An acoustic charge transport device ("ACT device") is a novel analog semiconductor device which is particularly useful as a delay line, and for performing various signal processing functions. The ACT device overcomes many of the problems of the prior charge coupled devices, because the ACT device processes signals at extremely high speeds while avoiding the necessity of clock driver circuitry. The ACT device achieves its high processing speed because a surface acoustic wave propagates through a channel buried within the piezoelectric semiconductor substrate, and the wave transports the charge, representative of the input signal, through the channel at the wave speed. The charge is transported in discrete identifiable packets. Transportation of charge through the buried channel produces an output at the drain (output contact) which is in the form of sharp current pulses.

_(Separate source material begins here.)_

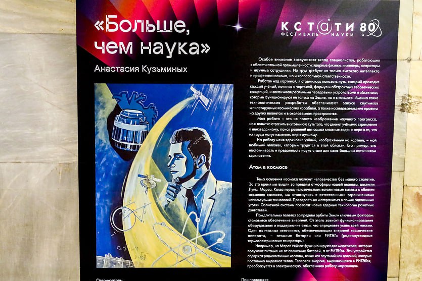 Каждое полотно сфотографировали и сопроводили небольшим авторским комментарием и информацией по теме произведения. Выставка в метрополитене продлится до конца года, чтобы как можно больше пассажиров смогли с ней ознакомиться, погрузившись в синтез науки и искусства.
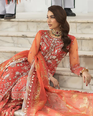 1-Our stunning net front open peplum, a masterpiece meticulously crafted with exquisite naqshi, this garment showcases intricate dabka and zari work

The voltage-to-charge conversion process occurring at the ACT device input (input contact) is one wherein the amount of charge injected into each packet is proportional to the input voltage at specific sample points in time. In the ACT device, these sample points tend to occur at the instants in time when the positive peaks of the potential are under the input contact. Hence, the input contact of the ACT device operates as an automatic time domain sampler, having a sampling rate equal to the frequency of the propagating surface acoustic wave. The ACT device has very broad band characteristics enabling the device to process signals from baseband to many hundreds of megahertz. In addition, the ACT device utilizes a GaAs substrate which permits the use of high speed circuits for the implementation of additional high frequency signal processing functions, such as RF signal gain blocks.
Those skilled in the art will understand that there is a need for programmable transversal filter which avoids the interconnecting bond limitations of prior surface acoustic wave technology, and which furthermore overcomes the bandwidth limitations attributable to charge coupled device technology. The disclosed invention provides just such a novel programmable transversal filter by utilizing an ACT device in a manner which permits the delay, multiplication, summation and storage functions to be done in close proximity on the same substrate, in order to avoid bond wire interconnections while also advantageously utilizing the broad bandwidth characteristics of an ACT device.